Comment: One of the first responsibilities of a board is to act in a fiduciary capacity. This board foolishly risked their non-profit's funds for 24% interest on a 90 day loan. Rule # 1: "If it's too good to be true ... it's true good to be true!" Boy they walked right into that didn't they!
Rich returns give way to panic and fear
One small Twin Cities nonprofit say it earned as much as 24 percent on 90-day loans that Petters Co. Inc. said were used to buy and resell electronics goods.
Then last week, federal authorities raided Petters' company, his home and several other locations. In court documents, the government describes a scheme that may have bilked investors out of as much as $2 billion. On Tuesday, the government charged one of the people identified as a participant in the scheme.

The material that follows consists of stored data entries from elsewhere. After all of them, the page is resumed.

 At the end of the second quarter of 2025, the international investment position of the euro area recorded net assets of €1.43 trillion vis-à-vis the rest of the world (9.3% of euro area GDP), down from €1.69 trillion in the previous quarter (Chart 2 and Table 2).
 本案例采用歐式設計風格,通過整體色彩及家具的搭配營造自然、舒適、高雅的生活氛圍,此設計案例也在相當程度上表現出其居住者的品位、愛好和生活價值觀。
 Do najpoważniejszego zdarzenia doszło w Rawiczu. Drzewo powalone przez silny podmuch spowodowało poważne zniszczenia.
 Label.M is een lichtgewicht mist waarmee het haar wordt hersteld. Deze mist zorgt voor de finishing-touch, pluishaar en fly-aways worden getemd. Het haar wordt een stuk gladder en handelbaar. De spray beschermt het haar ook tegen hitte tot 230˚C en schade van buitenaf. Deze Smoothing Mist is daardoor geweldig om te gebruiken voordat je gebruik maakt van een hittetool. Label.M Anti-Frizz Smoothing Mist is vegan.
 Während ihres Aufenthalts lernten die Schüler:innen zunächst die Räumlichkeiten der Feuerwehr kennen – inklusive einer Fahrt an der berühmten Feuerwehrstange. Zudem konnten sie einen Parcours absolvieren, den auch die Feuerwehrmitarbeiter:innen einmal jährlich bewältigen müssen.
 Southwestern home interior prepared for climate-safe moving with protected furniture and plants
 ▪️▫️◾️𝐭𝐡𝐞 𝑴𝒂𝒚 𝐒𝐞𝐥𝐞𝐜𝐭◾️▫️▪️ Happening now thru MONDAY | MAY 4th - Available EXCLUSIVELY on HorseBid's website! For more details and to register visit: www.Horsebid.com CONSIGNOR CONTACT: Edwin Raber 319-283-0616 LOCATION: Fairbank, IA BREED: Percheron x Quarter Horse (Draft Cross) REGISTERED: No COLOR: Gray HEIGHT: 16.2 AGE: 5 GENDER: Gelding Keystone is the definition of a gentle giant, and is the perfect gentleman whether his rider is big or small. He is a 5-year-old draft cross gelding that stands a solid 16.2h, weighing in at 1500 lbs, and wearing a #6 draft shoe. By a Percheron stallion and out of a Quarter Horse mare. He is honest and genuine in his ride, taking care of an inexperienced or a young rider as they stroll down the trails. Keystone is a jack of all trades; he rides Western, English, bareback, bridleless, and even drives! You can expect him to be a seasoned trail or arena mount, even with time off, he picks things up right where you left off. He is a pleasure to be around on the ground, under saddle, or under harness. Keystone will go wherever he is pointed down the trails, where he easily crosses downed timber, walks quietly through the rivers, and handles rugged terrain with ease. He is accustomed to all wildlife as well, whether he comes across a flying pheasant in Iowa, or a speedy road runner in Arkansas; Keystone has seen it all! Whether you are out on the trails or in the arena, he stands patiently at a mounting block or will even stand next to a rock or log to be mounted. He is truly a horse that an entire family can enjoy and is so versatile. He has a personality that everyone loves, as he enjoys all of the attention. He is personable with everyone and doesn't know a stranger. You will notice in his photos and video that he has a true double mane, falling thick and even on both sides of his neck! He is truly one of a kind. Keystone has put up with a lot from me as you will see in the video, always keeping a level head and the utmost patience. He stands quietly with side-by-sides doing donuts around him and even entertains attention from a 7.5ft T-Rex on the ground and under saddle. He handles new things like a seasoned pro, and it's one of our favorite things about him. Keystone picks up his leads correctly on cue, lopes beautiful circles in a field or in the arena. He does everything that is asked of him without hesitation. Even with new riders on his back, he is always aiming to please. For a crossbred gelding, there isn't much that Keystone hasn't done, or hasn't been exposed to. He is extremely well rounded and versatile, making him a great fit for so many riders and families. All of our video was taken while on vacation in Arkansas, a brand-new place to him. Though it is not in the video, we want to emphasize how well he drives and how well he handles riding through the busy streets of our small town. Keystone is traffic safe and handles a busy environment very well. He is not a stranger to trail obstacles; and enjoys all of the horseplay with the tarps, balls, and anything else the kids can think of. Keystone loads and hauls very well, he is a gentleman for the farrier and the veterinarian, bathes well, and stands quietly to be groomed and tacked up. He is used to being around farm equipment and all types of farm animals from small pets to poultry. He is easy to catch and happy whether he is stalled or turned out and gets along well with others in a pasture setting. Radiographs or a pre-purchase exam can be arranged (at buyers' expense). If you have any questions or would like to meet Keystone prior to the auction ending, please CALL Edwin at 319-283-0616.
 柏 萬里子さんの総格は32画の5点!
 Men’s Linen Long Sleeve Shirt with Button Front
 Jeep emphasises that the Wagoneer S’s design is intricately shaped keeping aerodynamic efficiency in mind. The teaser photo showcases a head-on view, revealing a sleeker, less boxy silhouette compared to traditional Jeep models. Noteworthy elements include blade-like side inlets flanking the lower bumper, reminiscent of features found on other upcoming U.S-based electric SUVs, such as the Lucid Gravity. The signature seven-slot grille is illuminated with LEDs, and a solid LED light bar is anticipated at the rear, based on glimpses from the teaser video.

Two of the investors named in court papers, the Fidelis Foundation and Minnesota Teen Challenge, say they first noticed signs of trouble late last year, when Petters Co. asked to extend their loans to as long as six months. Now they are worried that they may not get any of their money back, a potentially devastating blow for the organizations.
Fidelis Foundation of Minneapolis holds $27.6 million in Petters Co. notes that may ultimately be worthless. Among them are five notes for $5.7 million to Teen Challenge, a nonprofit program that Petters personally supported.
"We are overwhelmed, shocked and saddened," said Joe Smith, president of Fidelis.
Fidelis is a public charity that also serves as an investment agent for other public charities and nonprofits, including Teen Challenge.